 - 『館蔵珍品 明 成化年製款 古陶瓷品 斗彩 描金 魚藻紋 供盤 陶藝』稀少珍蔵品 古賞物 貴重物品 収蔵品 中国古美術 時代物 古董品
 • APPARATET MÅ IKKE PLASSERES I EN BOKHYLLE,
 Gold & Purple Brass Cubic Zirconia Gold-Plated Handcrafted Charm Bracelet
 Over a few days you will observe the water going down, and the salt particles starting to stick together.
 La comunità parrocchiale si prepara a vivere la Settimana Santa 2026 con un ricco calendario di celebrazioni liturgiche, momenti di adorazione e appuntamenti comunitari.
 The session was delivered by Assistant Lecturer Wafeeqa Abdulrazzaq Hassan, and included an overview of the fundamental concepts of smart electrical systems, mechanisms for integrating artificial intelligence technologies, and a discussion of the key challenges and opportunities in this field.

____

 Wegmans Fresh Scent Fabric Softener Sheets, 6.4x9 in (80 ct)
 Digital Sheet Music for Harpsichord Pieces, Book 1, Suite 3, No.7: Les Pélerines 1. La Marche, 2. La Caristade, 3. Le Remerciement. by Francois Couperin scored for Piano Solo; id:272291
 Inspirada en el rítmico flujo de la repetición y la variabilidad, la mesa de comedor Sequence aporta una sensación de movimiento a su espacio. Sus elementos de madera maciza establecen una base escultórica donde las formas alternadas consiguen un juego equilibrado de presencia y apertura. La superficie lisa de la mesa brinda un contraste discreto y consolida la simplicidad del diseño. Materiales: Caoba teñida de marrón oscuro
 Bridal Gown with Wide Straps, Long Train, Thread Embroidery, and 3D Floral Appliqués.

____

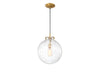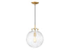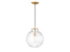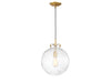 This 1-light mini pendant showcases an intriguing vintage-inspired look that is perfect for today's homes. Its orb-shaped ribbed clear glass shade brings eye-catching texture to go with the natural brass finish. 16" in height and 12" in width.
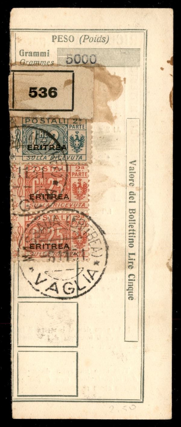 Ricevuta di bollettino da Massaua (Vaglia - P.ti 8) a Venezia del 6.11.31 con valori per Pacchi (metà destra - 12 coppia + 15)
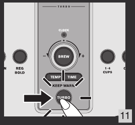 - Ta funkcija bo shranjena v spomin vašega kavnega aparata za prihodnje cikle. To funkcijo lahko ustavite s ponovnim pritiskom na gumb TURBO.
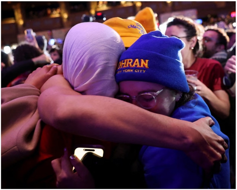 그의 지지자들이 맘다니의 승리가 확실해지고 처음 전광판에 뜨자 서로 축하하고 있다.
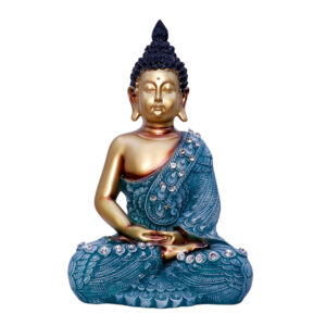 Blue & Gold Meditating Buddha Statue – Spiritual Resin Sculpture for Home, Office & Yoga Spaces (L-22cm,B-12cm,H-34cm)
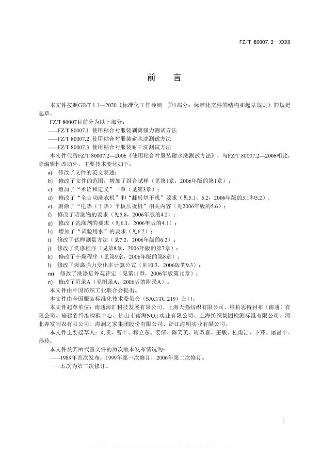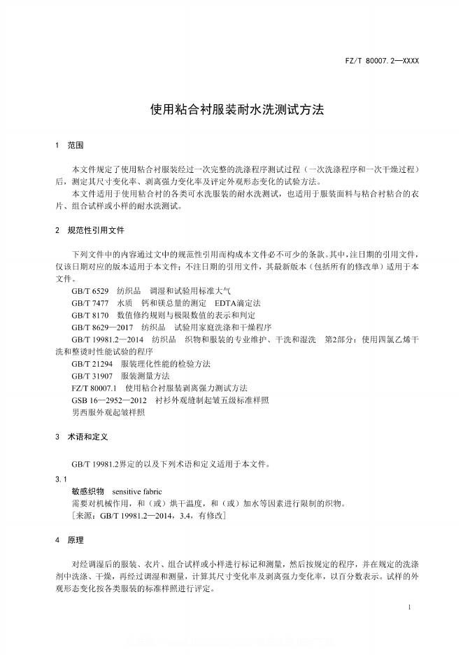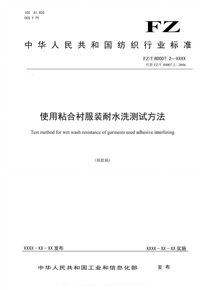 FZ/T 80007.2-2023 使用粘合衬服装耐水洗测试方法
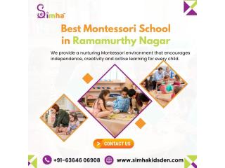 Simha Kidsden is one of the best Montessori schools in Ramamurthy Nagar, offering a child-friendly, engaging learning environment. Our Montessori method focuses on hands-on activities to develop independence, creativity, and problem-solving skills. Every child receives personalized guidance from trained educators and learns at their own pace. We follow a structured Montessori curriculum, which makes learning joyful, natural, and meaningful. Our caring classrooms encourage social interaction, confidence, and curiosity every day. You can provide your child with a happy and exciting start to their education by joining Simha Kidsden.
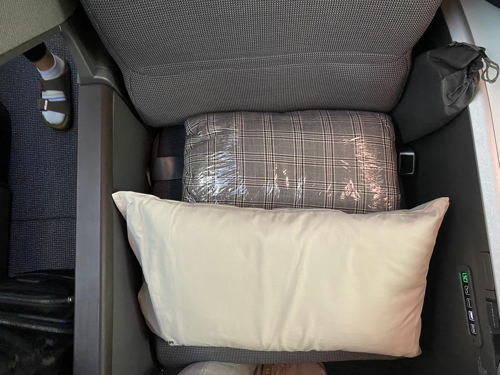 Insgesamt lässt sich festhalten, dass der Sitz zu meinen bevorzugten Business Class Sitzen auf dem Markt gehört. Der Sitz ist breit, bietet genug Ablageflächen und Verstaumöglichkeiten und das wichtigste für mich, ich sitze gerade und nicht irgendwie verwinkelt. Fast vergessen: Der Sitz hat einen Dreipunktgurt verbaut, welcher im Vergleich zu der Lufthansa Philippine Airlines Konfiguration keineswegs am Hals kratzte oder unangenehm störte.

____

◆ **Requirement**
In the listing above, locate the line with "- 『館蔵珍品 明 成化年製款" and the line with "Over a few days", then extract exactly those lines and every line between them, and nothing more.

◆ **Answer to this exercise**
 - 『館蔵珍品 明 成化年製款 古陶瓷品 斗彩 描金 魚藻紋 供盤 陶藝』稀少珍蔵品 古賞物 貴重物品 収蔵品 中国古美術 時代物 古董品
 • APPARATET MÅ IKKE PLASSERES I EN BOKHYLLE,
 Gold & Purple Brass Cubic Zirconia Gold-Plated Handcrafted Charm Bracelet
 Over a few days you will observe the water going down, and the salt particles starting to stick together.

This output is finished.